The novel progresses by exploring how matters of a moment unfurl unpredictably over time. For our narrator, 13-year-old Theodore Decker, this begins with the shock of an explosion: a terrorist bomb destroys the wing of a New York museum. The device deftly reminds us of Fabritius’s own death almost four centuries before, setting in place what Theo later describes as a “dreamlike mangle of past and present”. Tartt’s forensic prose is intent on tracing the unforeseeable consequences of the museum blast – not only for the characters who were present, but those yet to appear.
Theo and his mother arrive in front of Fabritius’s masterpiece just in time for the detonation. Theo survives. His mother does not. Disorientated, he crawls through the rubble, comforts a dying elderly man, who passes him a ring and Fabritius’s priceless painting, which he keeps. Tartt is brilliant at portraying how vulnerable young lives are to sudden shocks, and especially to the sudden death of a loved one.
Almost every teenager in the story has suffered parental loss of one form or another, fitting for a novel that consciously echoes the realist novels of the 19th century. Theo’s journey towards adulthood contains hints of David Copperfield (little of that Holden Caulfield crap, though) and a remixed Great Expectations. There are violent fathers, kindly paternal surrogates, stern but caring lawyers, wild but loyal best friends, and competing love interests blessed with different Dickensian ideals.
Tartt isn’t pastiching the realist novel so much as updating it for our times. Her own version is filtered through existentialism, the Beats, and Frank O’Hara’s closely observed verse.

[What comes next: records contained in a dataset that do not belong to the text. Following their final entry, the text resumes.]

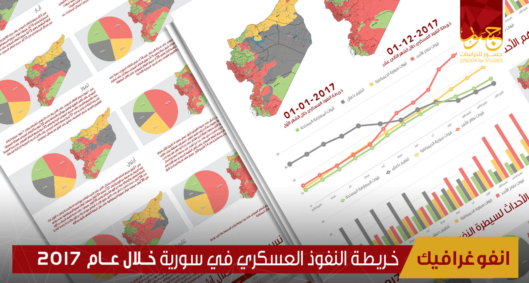 أصدر مركز جسور للدراسات خارطة النفوذ العسكري في سورية لشهر كانون الثاني/ يناير 2018، والتي تُظهر استمراراً في تغير نسب السيطرة الكلية بين أغلب القوى، حيث تتزايد مساحة سيطرة النظام السوري بشكل ملحوظ، و...
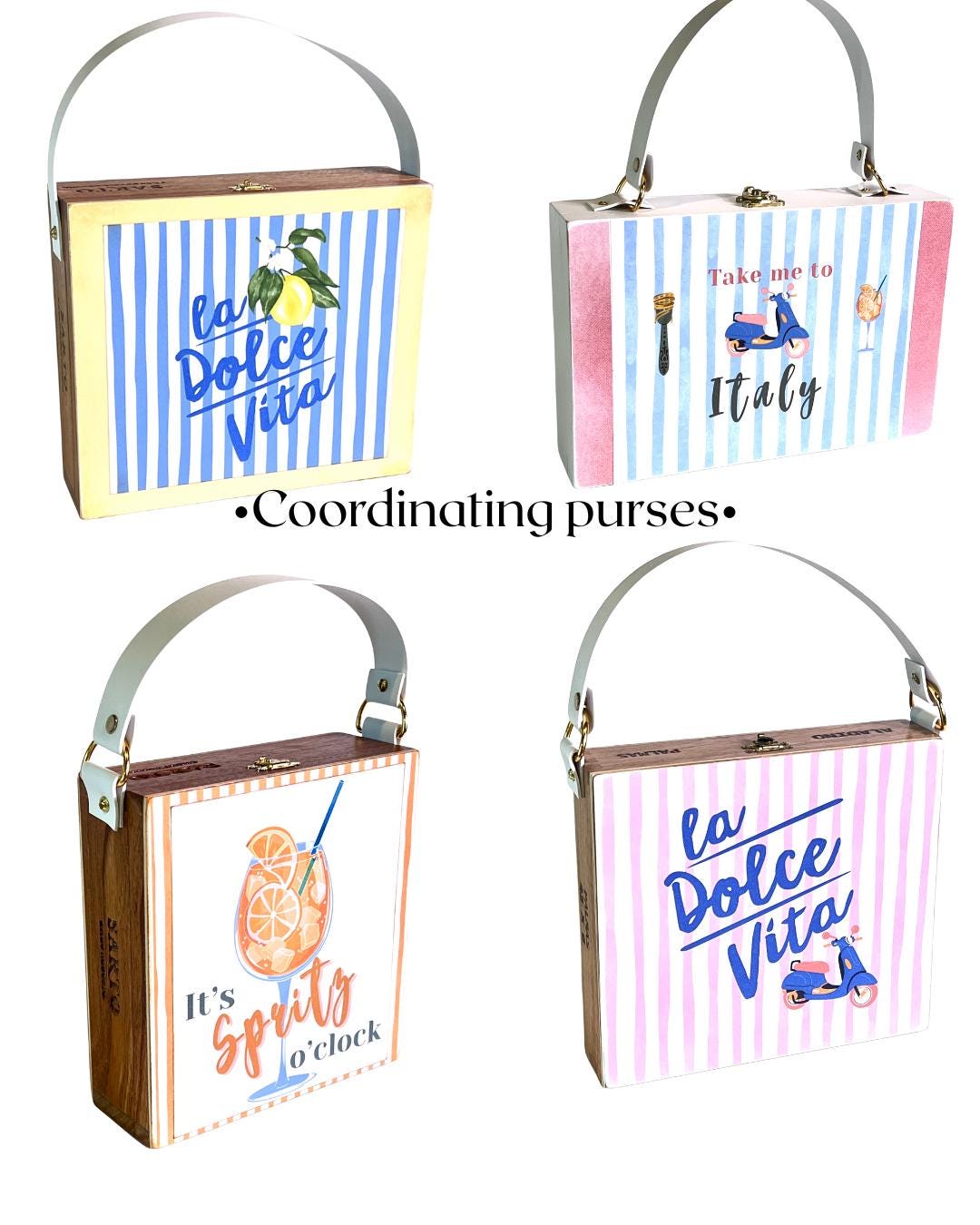 This cute Italy themed purse is made from a recycled wood cigar box. The phrase "la dolce vita" in bright blue is layered on a pink & white striped background and an image of a Vespa in coordinating colors completes the vintage beach club vibe.
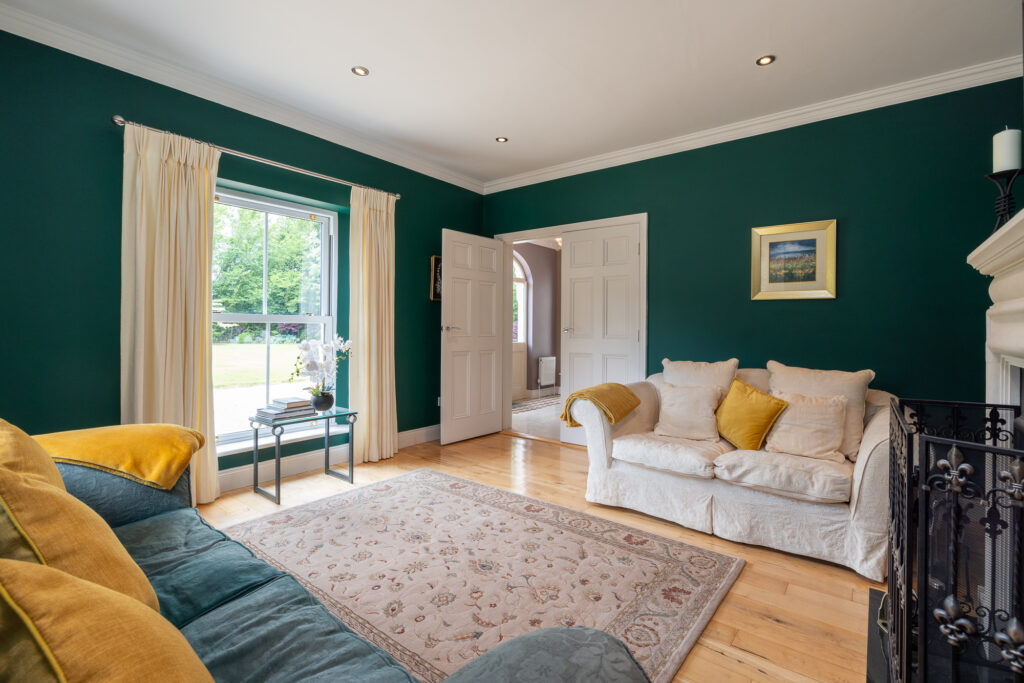 Dining Room (Second Sitting Room) 4.48m x 4.45m Timber flooring throughout, dual aspect with large splayed windows with window reveal displays overlooking front garden and large window overlooking side parking area, tv points and electrical points, feature fireplace with open fire and granite mantelpiece with open fire.

This synthesis of old and new is made flesh when Theo learns furniture restoration from his genial guardian, Hobie. Hobie updates “ancients and honorables”, working “by hand like one of the old masters”. The resulting hybrid skirts originality and imitation, confuses what is genuine and fake. Tartt shines a neon light on all this during a wonderful, wild section in Las Vegas. Here even magic is an illusion: Theo is re-cast as Harry Potter by his friend Boris, neither quite realising they are really Rimbaud and Verlaine.

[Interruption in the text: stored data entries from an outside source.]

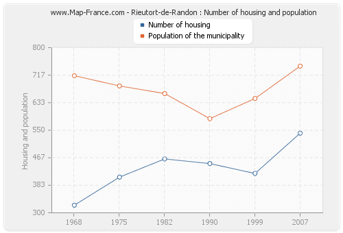 The population of Rieutort-de-Randon was 744 inhabitants in 2007, 646 inhabitants in 1999, 585 inhabitants in 1990, 661 inhabitants in 1982, 684 inhabitants in 1975 and 715 inhabitants in 1968. Meanwhile, the number of housing of Rieutort-de-Randon was 541 in 2007, 419 in 1999, 449 in 1990, 463 in 1982, 408 in 1975 and 323 in 1968.
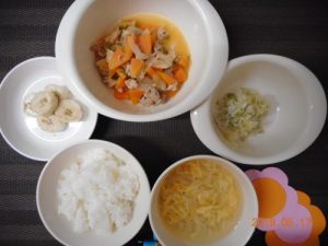 <幼児食> *ごはん *キャベツのあえ物 *酢豚風ソテー *コンソメスープ *バナナ ...
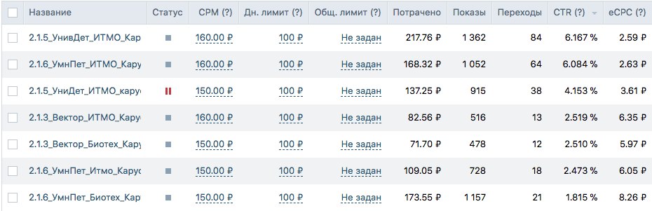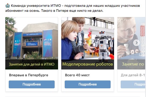 Дешевые клики с последующими записями показала аудитория выпускников ИТМО. Одно из занятий проводилось в этом университете, так что на первой карточке карусели была его фотография. Это объявление сработало лучше всех.
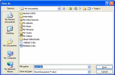 Pentru a salva un document se foloseste functia Save din meniul File. In fereastra care apare va trebui sa alegem trei elemente: locatia (Save in), numele fisierului (File name) si tipul fisierului (Save as type) dupa care sa validam prin butonul Save.
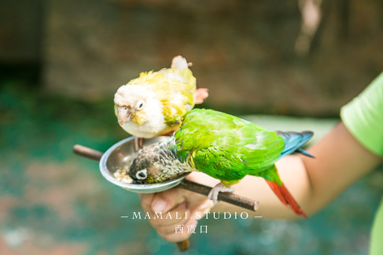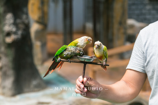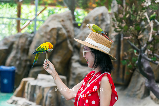 鹦鹉园的小家伙们也是训练有素,上头顶、上胳膊完全没在怕的。跟这些小家伙合个影它们也会很配合哦。
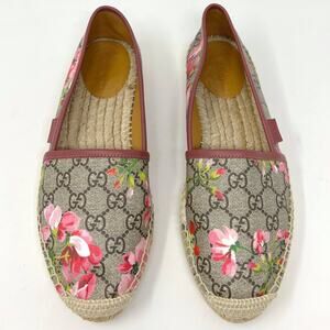 Gucci Bloom Pink Floral Logo Monogram Espadrilles Slip-On Flats Size EU 38.5
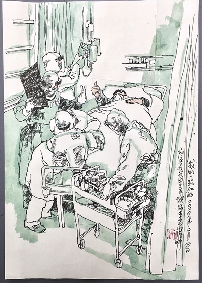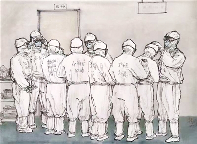 冬春之季,疫情告急,全国人民迅速行动起来,打响了一场没有硝烟的战争。除夕前后,各地医疗队迅速驰援武汉等疫情严重地区。医护人员奔赴战“疫”前线,他们筑起了健康防线,也在人们心里筑起一道信念的防线。这些天,被口罩勒到破皮的脸颊,被汗水浸到泛白的双手,手术室外席地而眠的身影……医护人员与时间赛跑、跟病毒搏击,让人民群众真切体会到什么是白衣战士的无畏、坚韧、奉献。广东医疗队是最早抵达武汉的驰援队伍之一,他们专业、敬业的救治,得到了患者和家属的信任和好评。广东医疗队也是所有奋战在抗疫一线的白衣战士的缩影,他们是丈夫,是妻子,是父母;是医生,是请战者,更是勇士。他们是最美“逆行者”,他们心中有更多需要守护的人。以医疗队发回的大量日记为素材,我们联同中国美术家协会,组织画家们记录下不同寻常的一幕幕,那些瞬间注定会成为永恒的经典。

Like Fabritius, Tartt’s conceit is to create a work of art that strives to be realistic, but knows that the harder it tries, the more its contrivances are exposed. The Goldfinch teases with its own artifice: Theo’s mother is a model who takes a bad photograph; his temporary foster family stage themselves like “Broadway plays”; Tartt puns repeatedly on the word “picture”.
This self-consciousness isn’t empty meta-fiction any more than Theo is a post-modern unreliable narrator. Instead, his close reading of reality enacts the gradual revelations of his unspoken story. Initially, we take it on faith that he’s a bright kid with a keen eye and vivid visual imagination. But gradually, holes in his narration begin to appear. Who is Jerome? Why has Theo failed to mention his drug dependence? And just what is all that detail covering up?
Theo’s skill at “misdirection” inspires some cunning plot twists, but the real mystery is revealed to be his enduring grief and guilt for his parents. In this, the slow accumulation of Tartt’s obsessive narration becomes profoundly moving. The Goldfinch asks how humans facing the “fundamental chaos and uncertainty of the world” restore themselves after loss. By burying problems, or by searching for the sustaining consolations of love, art and friendship? This meditation contends with other questions. How do we measure value in a world where reality and representation are almost indivisible? How do we take responsibility for our actions when cause and effect seem ever more random and unfathomable? As one character observes: “The moral of the story is, who knows where it will all take you?”
At a time when so much literature is either contemptuous of plot or enslaved by it, The Goldfinch is a gripping page-turner and a challenging, beautifully written account of modern life. Moving but unsentimental, funny without being trite, all human life is here. Or at least, quite a lot. The Goldfinch will doubtless be a contender for one of 2013’s best novels.